A ceramide analog inhibits cPLA2 activity and consequent PGE2 formation in LPS-stimulated macrophages

Prostaglandin E2 (PGE2) is an important mediator of the inflammatory response. Phospho-ceramide analogue-1 (PCERA-1), a synthetic phospholipid-like molecule, was previously reported to modulate pro- and anti-inflammatory cytokine production. We show here that PCERA-1 inhibited LPS-stimulated PGE2 production in RAW264.7 macrophages, without affecting COX-2 expression. Furthermore, PCERA-1 efficiently suppressed arachidonic acid (AA) release in response to LPS. The dephosphorylated derivative of PCERA-1, ceramide analogue-1 (CERA-1), mimicked the inhibitory effect of PCERA-1 on AA release and PGE2 production in macrophages. Inhibition of PGE2 production by CERA-1 was completely rescued by addition of exogenous AA. Importantly, PCERA-1 and ceramide-1-phosphate (C1P) stimulated the enzymatic activity of cPLA2α in an in vitro assay, whereas CERA-1 and ceramide inhibited both basal and C1P-stimulated cPLA2α activity.
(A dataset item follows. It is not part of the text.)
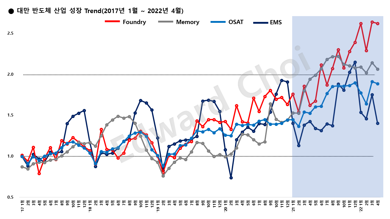 OSAT업체들을 위주로 시장 상황을 주시하고 있지만 이들의 미래 변화를 예상하기 위해서는 전후방 산업을 함께 살펴볼 필요가 있다. 우리나라 반도체 산업은 메모리 반도체의 비중이 높고 파운드리 역시 삼성전자의 선단 공정에 대한 의존도가 높다. 그렇기 때문에 우리나라 업체들을 통해서 전체 반도체 시장을 가늠하기에는 부족한 부분이 있다. 그래서 대만의 OSAT업체뿐만 아니라 대만의 Foundry와 Memory 그리고 EMS까지 넓은 범위를 모니터링하며 시장 변화를 추적하고 있다.
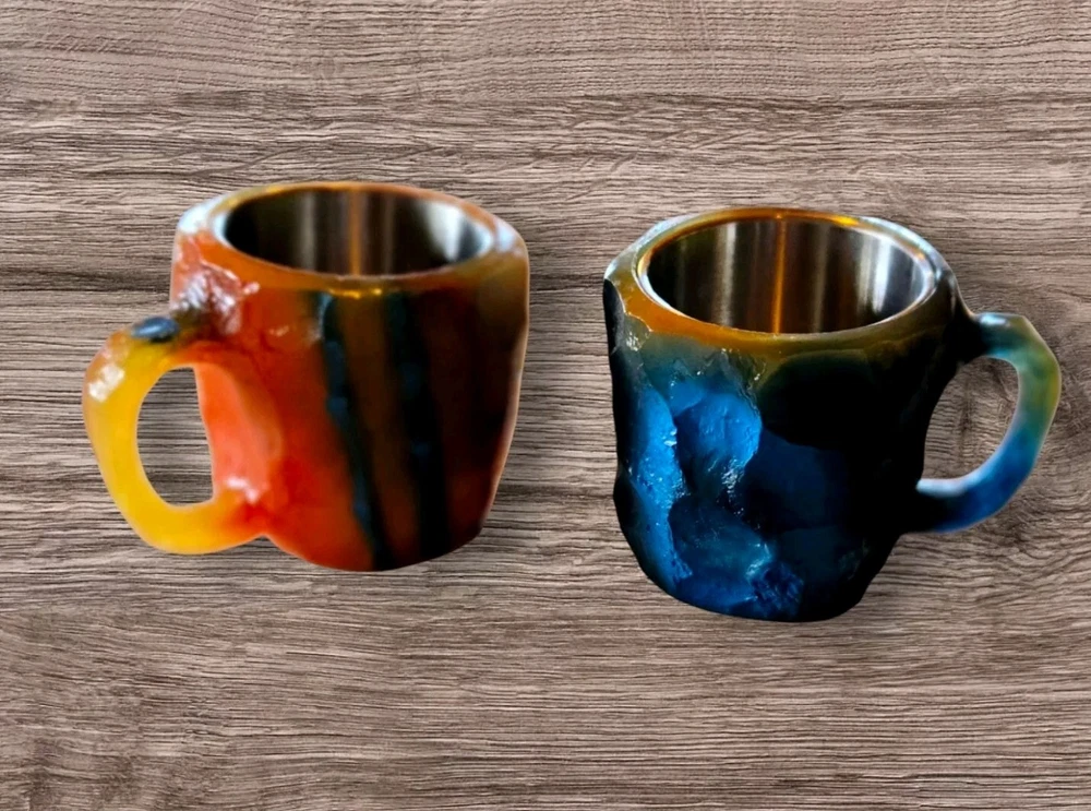 Upgrade your morning routine with this set of two Resin Mineral Crystal Coffee Mugs. Crafted with acrylic material, these mugs are designed to keep your hot beverages warm for a long time with its double-walled feature. The geometric pattern and art deco style make these mugs perfect for any occasion. Each mug has a capacity of 6.76 oz and features a comfortable handle for easy sipping. These mugs are also spill-proof and break/chip-resistant, making them perfect for everyday use. The multicolor design adds a pop of color to your kitchen collection. Give yourself a treat and add this stunning set of coffee mugs to your collection today!

Collectively, these results indicate that CERA-1 suppresses AA release and subsequent PGE2 production in LPS-stimulated macrophages by direct interaction with cPLA2, and suggest that ceramide may similarly counteract C1P effect on cPLA2 activity in cells. The suppression of PGE2 production is suggested to contribute to the anti-inflammatory action of PCERA-1.